Another thing, another example of a change in the Society: A friend of mine, somebody
I know, sent me from down East a link to the Polish website of the Society. That person
is Polish, that person is able to understand Polish, and that person told me, "Father,
look at this link". She sent me this on Monday or Tuesday, at the beginning of the week,
and they advertised, in the website of the Society in Poland, all the ordinations that
will take place in the Society around the world and, also, all the ordinations that
will take place for the Ecclesia Dei communities around the world! In the same article, on
the same page, on the website of the Society of St. Pius X, in Poland, you have, you have
this big title: "Ordinations of the Society of St. Pius X and of the Ecclesia Dei Communities"!
Fraternity of St. Peter, Institute of Christ the King, and so forth and so on. In the same
article! As if we were all one big happy family now! We are going to do the same thing than
those Ecclesia Dei communities. Then we will become an Ecclesia Dei community. Now, that
article was translated in French, and was translated in English the next day. And it
appeared on all the Resistance websites in France and in the United States. Yesterday,
I got another e-mail from that same person telling me: "Father, go back to the same link,
and you will not see anymore that article! They have modified that article, they have
taken away the mention of the Ecclesia Dei communities' ordinations!" Well, that's good!
I'm glad they took it away! But it doesn't change the fact that they had put it there
in the first place! But it shows that the Resistance, when we
resist publicly and strongly, sometimes we get results. When the Society saw all the
uproar all over the world, the next day after this thing appeared on the Internet, they
told Father Stehlin to remove it. And he did. So this is why it is another example that
we do have to make a stand. The best way for us to try to stop, or to slow down, that betrayal
of Archbishop Lefebvre that is happening in the Society, is to stand up and to say "No".

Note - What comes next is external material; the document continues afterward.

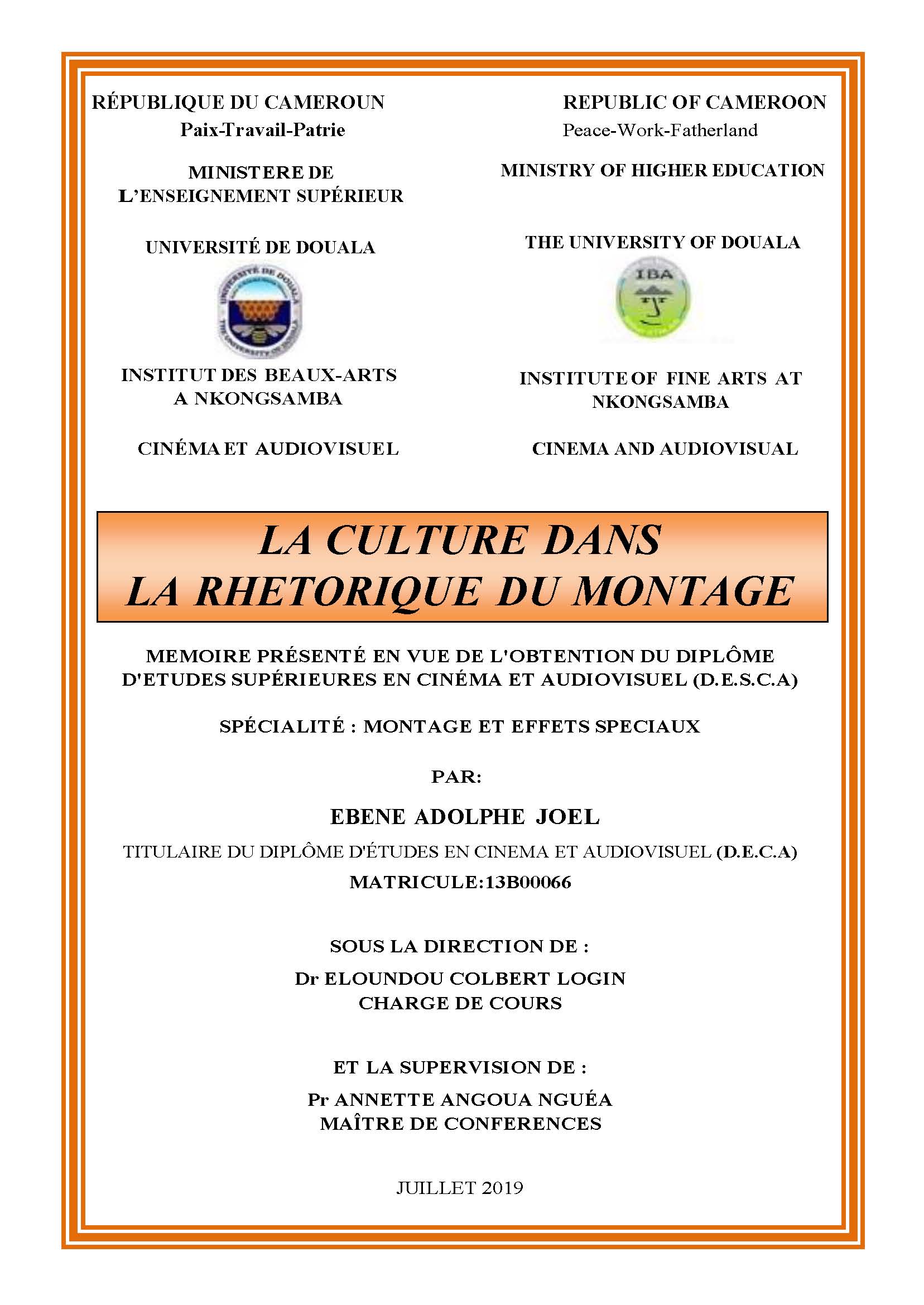 Le présent mémoire porte sur la place de la culture dans la rhétorique du montage. Ce travail vise à démontrer comment les éléments culturels africains embellissent et enrichissent le montage des films dans le but de mettre en valeur une nation ou un peuple donné. De ce fait, nous nous appuierons sur deux approches, à savoir l’approche esthétique pensée par Marie Thérèse JOURNAU et l’approche sémiotique tirée de la thèse de Longin Colbert ELOUNDOU. Il en ressort que la culture d’un peuple au travers le montage cinématographique et audiovisuel, laisse découvrir son authenticité, son originalité et même son identité. Elle renseigne sur les habitudes des peuples, leurs modes de vie, etc. De même, dira-t-on : « il n’y a pas de peuple sans culture ». Tout cela nous remet au coeur des divergences et diversités culturelles humaines et permet aussi de comprendre les réalités des vie humaines dans d’autres bouts du monde. Ceci avec le meilleur choix des bons décors, des bons maquillages, la sélection des meilleurs plans à utiliser suivant les époques données, les meilleurs costumes selon les circonstances et bien d’autres éléments de choix.

To take our end of the rope, and to put our feet solidly in the ground, and to say "We
will not go along with this! We are going to stand up and fight!" We are only a small
number, but already it is significant. Already it encourages other people to do the same.
London has been opening its own chapel, and they are going to have mass every Sunday.

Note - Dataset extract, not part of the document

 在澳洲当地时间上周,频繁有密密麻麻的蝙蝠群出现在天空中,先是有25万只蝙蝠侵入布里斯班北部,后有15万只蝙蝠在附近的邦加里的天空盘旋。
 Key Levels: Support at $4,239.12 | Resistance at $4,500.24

They are renting a hall like we do. And so we are giving hope to other people: That it
is possible to fight and to have an impact, maybe.
And so, let us remember, my dear friends, that it is not by adapting oneself to the
world that we can convert the world. It is by doing all we can to retire people out of
the sea of this world, out of worldliness, to give them the means to elevate their souls,
in their daily life, to elevate their souls out of this world. To work on their sanctification,
to work on their salvation. It is not by adapting! And it is the same thing with the Society.
It is not by adapting oneself to the Conciliar Church that we will convert the Conciliar
Church. It is a complete illusion! What will happen is that the Conciliar Church will change
us, like the world has changed the Conciliar Church into a worldly business! The same thing
will happen to the Society, so we have to stand strong, and we have to understand that
what we are doing is the mission of the Church: To save souls!
In the name of the Father, Son and Holy Ghost, Amen.